Il n’y a présentement aucune disposition dans le Code canadien du travail empêchant explicitement la manœuvre des flips de contrats. C’est que cette manœuvre « habile » de la part des capitalistes est dans l’angle mort de la loi entourant la façon dont sont attribués les contrats aux sous-traitants. Aussi, dans la législation à la faveur des bourgeois, il y a un vide dommageable pour les travailleurs quant au lien entre l’employeur (et dans ce cas-ci un nouvel employeur) et les anciennes conventions collectives. Rappelons que le Code canadien du travail tout comme ses équivalents au Québec – soit le Code du travail du Québec, la Loi sur les normes du travail et la Loi sur la santé et sécurité du travail – constitue une partie de la charpente législative fondée sur les rapports entre le travail et le capital propres à la société capitaliste.

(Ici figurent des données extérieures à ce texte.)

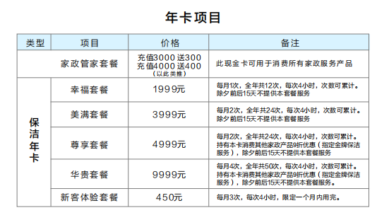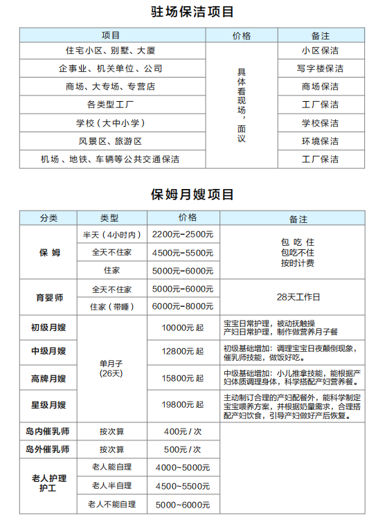 孔雀河家政服務(wù)參考價格表

Par exemple, c’est le Code canadien du travail qui, bien qu’il ne permette pas l’emploi de « travailleurs de remplacement » (c’est-à-dire des scabs, des briseurs de grèves), il permet aux cadres de faire fonctionner les machines et les instruments de travail de même que d’accomplir les tâches usuelles des grévistes. Cette « petite marge de manœuvre » est utilisée à son plein potentiel dans presque tous les conflits de travail. Elle sert de paravent à des abus de même qu’à des situations absurdes et dangereuses. À Pierre-Elliott-Trudeau, les cadres inexpérimentés et malhabiles ont d’ailleurs fait un accident dans les premiers jours du conflit. Un des leurs a foncé dans un bloc de béton avec la machinerie couteuse. C’est qu’il faut une expertise réelle pour opérer un bon nombre de machines industrielles… et bien des cadres et des ingénieurs ne maîtrisent tout simplement pas les procédés industriels qu’ils supervisent – comme c’était d’ailleurs le cas du processus de galvanisation, processus qui était hors de la portée des cadres à l’usine Galvano pendant la grève de 2019, pour ne donner qu’un seul autre exemple.

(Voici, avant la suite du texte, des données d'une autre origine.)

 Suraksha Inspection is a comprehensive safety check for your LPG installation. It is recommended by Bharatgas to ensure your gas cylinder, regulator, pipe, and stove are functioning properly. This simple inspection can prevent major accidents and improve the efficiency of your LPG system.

Ajoutons que les compagnies internationales comme celles dans le domaine du transport aérien mettre fin à un contrat en cours avec seulement 35 jours de préavis. À l’échelle nationale, les compagnies aériennes sont des monopoles immenses agissants tels de véritables rouleaux compresseurs. Par exemple, Air Canada, une compagnie privatisée depuis 1988, connaît en moyenne 1 613 décollages par jour, avec annuellement à son bord 80 millions de passagers seulement (2017).

Il ne faut pas non plus oublier Swissport, l’unique fournisseur de carburant pour les compagnies aériennes de Montréal-Trudeau et de Montréal-Mirabel. Et sans grande surprise, Swissport n’a que faire de risquer de perdre son contrat de ravitaillement. En vérité, les sous-traitants se prêtant au flip de contrat sont des sociétés écrans détenues par les monopoles de l’aviation. Pour ajouter au scandale, soulignons que lors du dernier flip de contrat pour le ravitaillement à l’aéroport Pierre-Elliott-Trudeau, certains cadres ont été réembauchés… à la différence qu’eux, ils ont conservé les leurs salaires!

Le PCR appuie sans réserve les combats des ravitailleurs et dénonce fermement les agissements crapuleux des capitalistes du transport aérien!

Pour que cesse l’exploitation et le parasitisme de la bourgeoisie, luttons pour le pouvoir prolétarien et le contrôle ouvrier sur la production!